• _Aim of the task_: Retype the data that follows line by line, exactly, and leave its pictures out.

• _Records provided_:
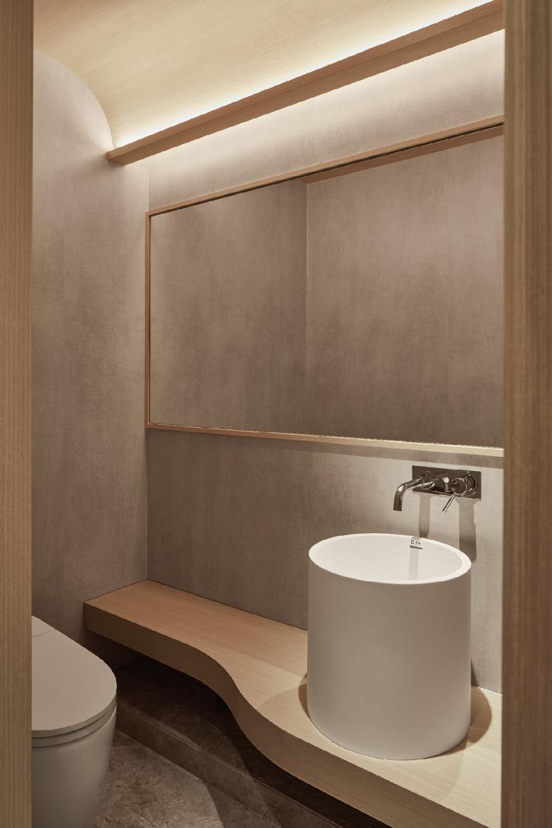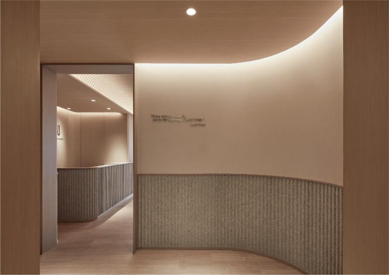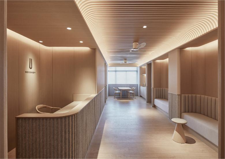 At the entrance, we lead members to the reception area through a large 1/4 rounded corner, just like how Da Vinci presents the golden ratio of the human anatomy between the rectangle and circle in "Uomo Vitruvian". This gives the first impression that the body is prepared to be stretched, then a large number of curved wood veneers in the space brings a warm and safe sensation.
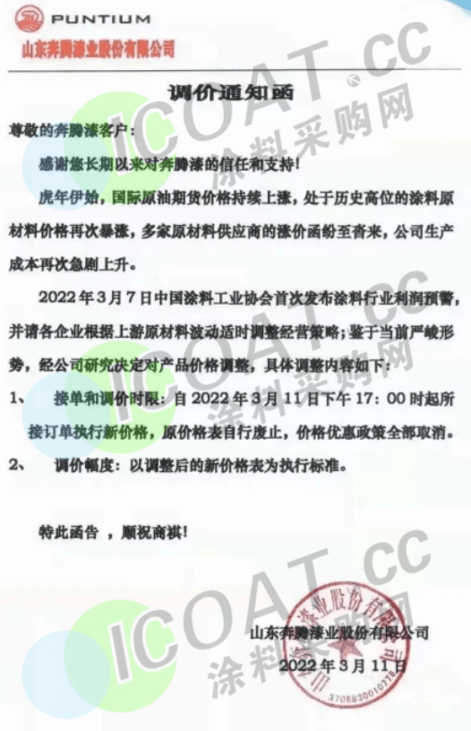 山東奔騰漆業:3月11日下午17:00時起所接訂單執行新價格,原價格表自行廢止,價格優惠政策全部取消。調價幅度以調整后的新價格表為執行標準。
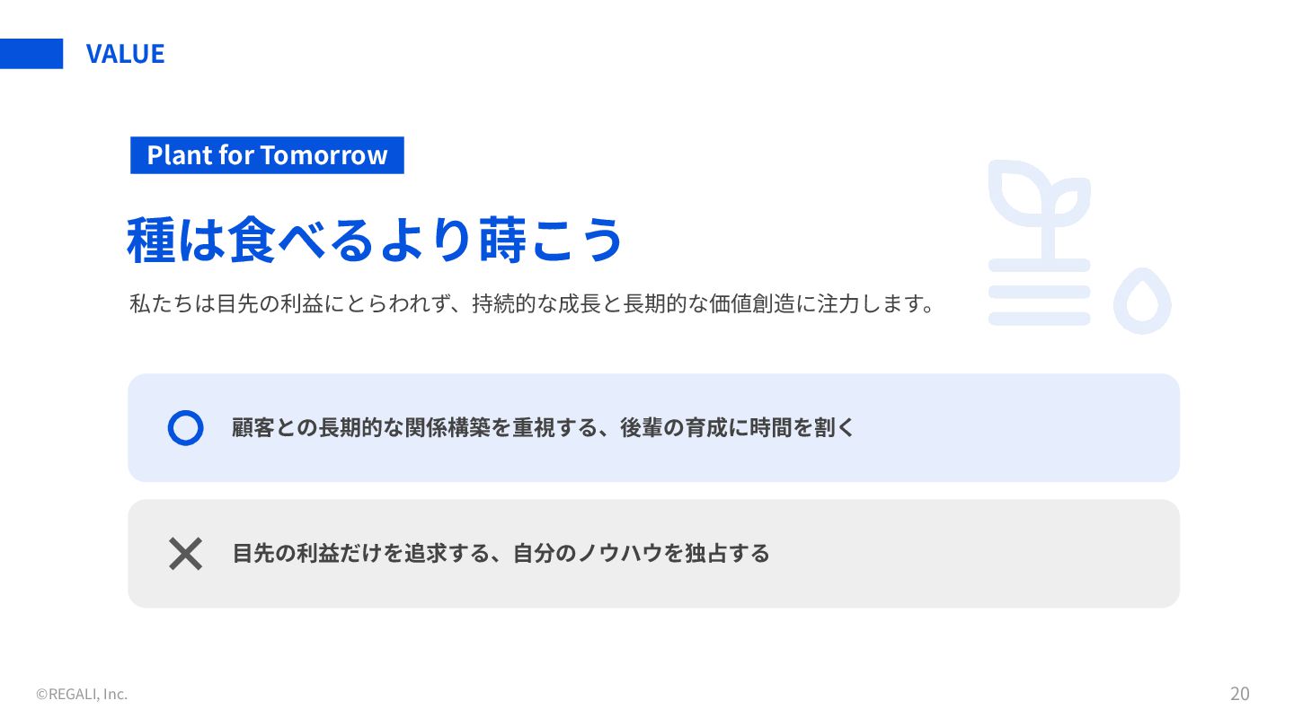 ©REGALI, Inc. VALUE 私たちは⽬先の利益にとらわれず、持続的な成⻑と⻑期的な価値創造に注⼒します。 顧客との⻑期的な関係構築を重視する、後輩の育成に時間を割く 種は⾷べるより蒔こう Plant for Tomorrow ⽬先の利益だけを追求する、⾃分のノウハウを独占する
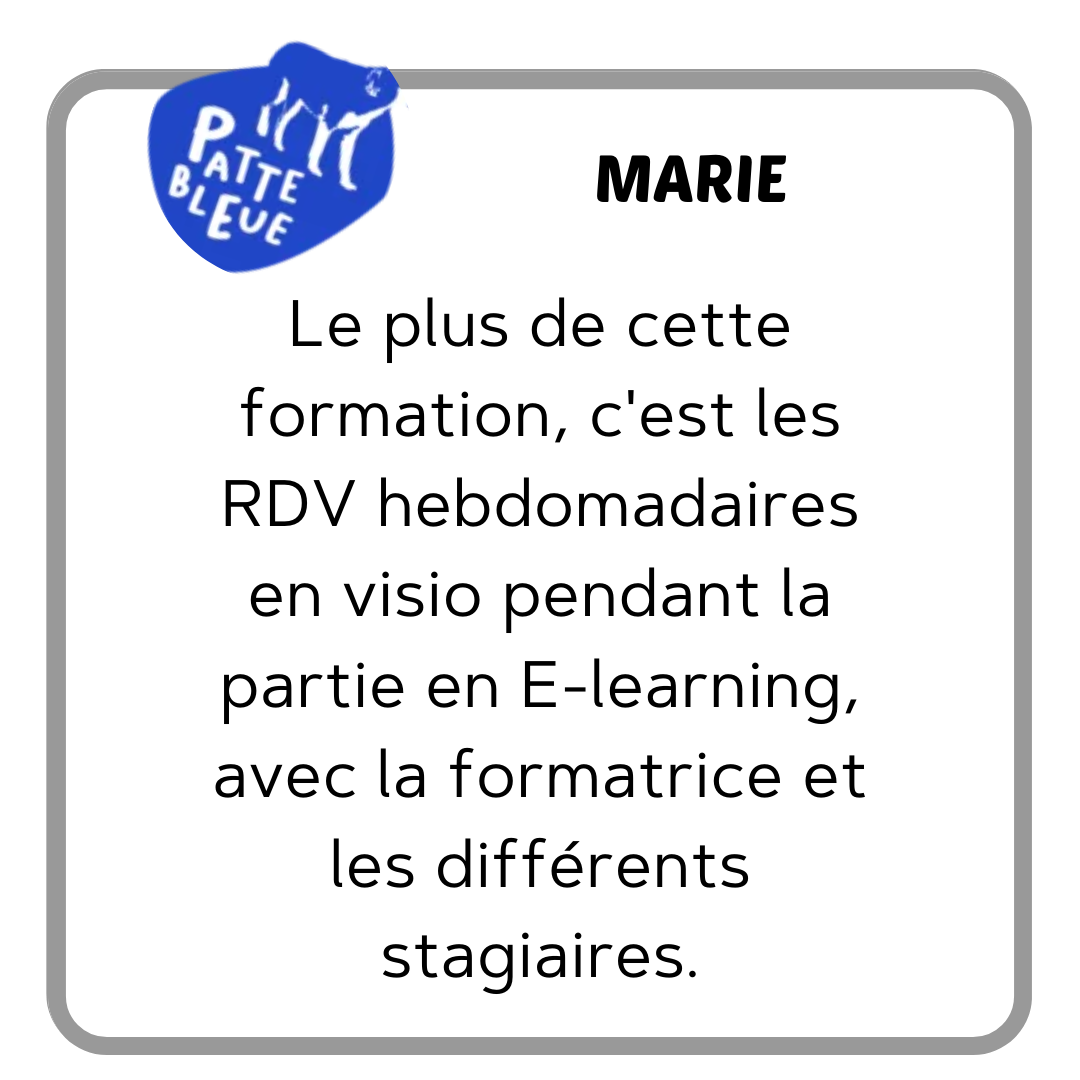 Et le gros plus (oui oui, encore un plus), elle assure le suivi des élèves après la formation. En cas de besoin, elle nous assiste dans la construction de notre projet et même par la suite, si on a des difficultés sur des consultations..."
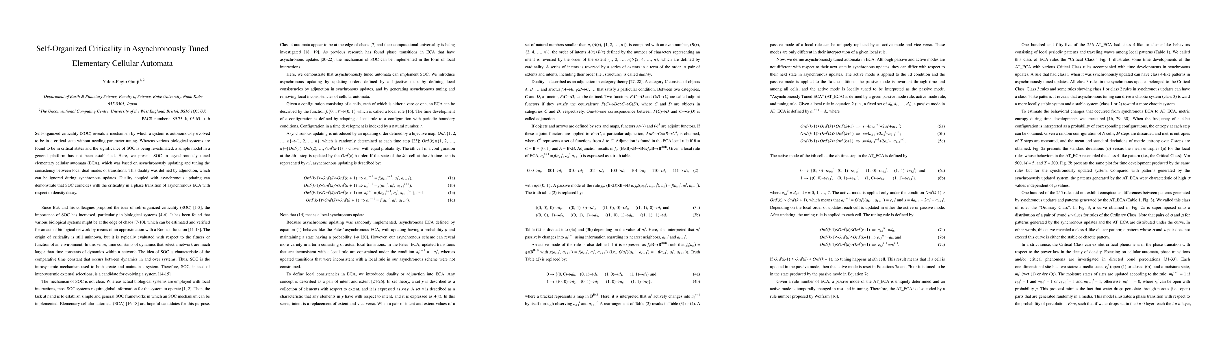 This paper explores self-organized criticality (SOC) in asynchronously tuned elementary cellular automata (ECA), demonstrating that SOC can emerge without parameter tuning through asynchronous updating and dual mode transitions. The study finds that SOC aligns with criticality in the phase transition of these ECAs concerning density decay.

• _Reply to the task_:
 At the entrance, we lead members to the reception area through a large 1/4 rounded corner, just like how Da Vinci presents the golden ratio of the human anatomy between the rectangle and circle in "Uomo Vitruvian". This gives the first impression that the body is prepared to be stretched, then a large number of curved wood veneers in the space brings a warm and safe sensation.
 山東奔騰漆業:3月11日下午17:00時起所接訂單執行新價格,原價格表自行廢止,價格優惠政策全部取消。調價幅度以調整后的新價格表為執行標準。
 ©REGALI, Inc. VALUE 私たちは⽬先の利益にとらわれず、持続的な成⻑と⻑期的な価値創造に注⼒します。 顧客との⻑期的な関係構築を重視する、後輩の育成に時間を割く 種は⾷べるより蒔こう Plant for Tomorrow ⽬先の利益だけを追求する、⾃分のノウハウを独占する
 Et le gros plus (oui oui, encore un plus), elle assure le suivi des élèves après la formation. En cas de besoin, elle nous assiste dans la construction de notre projet et même par la suite, si on a des difficultés sur des consultations..."
 This paper explores self-organized criticality (SOC) in asynchronously tuned elementary cellular automata (ECA), demonstrating that SOC can emerge without parameter tuning through asynchronous updating and dual mode transitions. The study finds that SOC aligns with criticality in the phase transition of these ECAs concerning density decay.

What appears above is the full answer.